With the addition of WSWO-TV in Springfield, all three Dayton-area UHF stations were invited to submit proposals for ABC affiliation to the network. Meanwhile, later in March, WKEF renewed its efforts in court to obtain an injunction barring ABC from supplying its programs to WKTR. This new lawsuit added two names to the case: Carmine Patti, ABC director of station relations, and Theodore H. Shaker, ABC vice president for the owned-and-operated stations. WKEF alleged that Kemper had met Joseph McMahon, who knew many ABC officials including Patti, at a party in Fort Lauderdale, Florida; he then hired McMahon as WKTR's representative in New York to lobby ABC for the affiliation. When Bert Julian, another ABC regional representative whose territory then included Dayton, was found to favor WKEF, it was alleged that Kemper complained to McMahon, who in turn told Patti; shortly thereafter, Dayton was moved from Julian's purview to Sullivan's, and Sullivan then suggested the hiring of the fictitious "John L. P. Daley". On April 11, days before Kittyhawk officials were to visit New York City to present to the network, ABC notified WKTR by telegram that it was revoking its invitation to the station to present an affiliation proposal to continue with the network after August 30—leaving WKEF and WSWO-TV as the only bidders—after additional evidence was uncovered in the WKEF court case and in a private investigation conducted on ABC's behalf.
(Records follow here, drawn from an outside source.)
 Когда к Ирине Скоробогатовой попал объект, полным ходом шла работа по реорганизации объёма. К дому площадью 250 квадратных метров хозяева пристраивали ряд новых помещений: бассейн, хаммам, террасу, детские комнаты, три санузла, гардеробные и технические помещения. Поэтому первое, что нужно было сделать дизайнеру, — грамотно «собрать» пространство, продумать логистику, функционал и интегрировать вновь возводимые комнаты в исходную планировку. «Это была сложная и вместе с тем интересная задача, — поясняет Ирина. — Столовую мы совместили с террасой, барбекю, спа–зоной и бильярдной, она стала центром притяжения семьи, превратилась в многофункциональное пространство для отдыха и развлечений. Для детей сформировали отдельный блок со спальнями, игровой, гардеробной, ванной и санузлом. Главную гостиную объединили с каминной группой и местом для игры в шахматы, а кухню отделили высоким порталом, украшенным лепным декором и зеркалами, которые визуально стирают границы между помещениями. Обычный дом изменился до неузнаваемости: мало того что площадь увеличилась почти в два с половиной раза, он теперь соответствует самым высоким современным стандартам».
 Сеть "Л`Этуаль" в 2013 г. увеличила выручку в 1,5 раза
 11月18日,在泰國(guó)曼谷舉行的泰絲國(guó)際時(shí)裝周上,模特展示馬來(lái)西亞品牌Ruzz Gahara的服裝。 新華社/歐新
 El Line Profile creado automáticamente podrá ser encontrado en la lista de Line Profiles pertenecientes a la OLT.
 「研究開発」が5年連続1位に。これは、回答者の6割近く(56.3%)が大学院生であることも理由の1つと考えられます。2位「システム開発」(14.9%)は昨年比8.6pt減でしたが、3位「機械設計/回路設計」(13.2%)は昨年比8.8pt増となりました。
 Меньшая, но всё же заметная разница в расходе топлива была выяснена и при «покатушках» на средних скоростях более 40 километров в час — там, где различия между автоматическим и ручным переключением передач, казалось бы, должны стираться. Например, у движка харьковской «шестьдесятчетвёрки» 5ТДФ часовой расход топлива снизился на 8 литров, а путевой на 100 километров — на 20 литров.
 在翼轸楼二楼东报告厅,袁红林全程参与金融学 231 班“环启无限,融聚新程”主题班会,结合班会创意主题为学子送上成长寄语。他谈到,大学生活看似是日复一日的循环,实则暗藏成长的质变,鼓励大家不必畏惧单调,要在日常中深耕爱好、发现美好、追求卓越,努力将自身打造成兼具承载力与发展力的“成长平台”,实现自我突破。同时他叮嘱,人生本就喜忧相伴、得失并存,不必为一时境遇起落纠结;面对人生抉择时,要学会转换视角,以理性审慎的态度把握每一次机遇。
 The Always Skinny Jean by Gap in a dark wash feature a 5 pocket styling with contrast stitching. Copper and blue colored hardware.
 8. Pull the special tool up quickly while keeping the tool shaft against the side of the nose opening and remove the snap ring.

On May 1, 1970, federal judge Timothy Sylvester Hogan issued an injunction ordering ABC to return to the pre-1970 status quo in Dayton within 20 days, requiring the network to move most shows off WKTR-TV and back to WKEF while the suit continued; however, WKTR-TV retained some ABC programs that WLWD had been carrying prior to 1970. An agreement was reached that saw ABC programming split between the two stations; channel 16 would air daytime ABC shows, while the ABC Evening News and prime time programs would air on channel 22. A revised court order then gave WKEF rights to the ABC prime time programming beginning at the end of May. ABC then awarded WKEF the full-time ABC affiliation in June, giving it first call rights to all network programs for the first time in its history.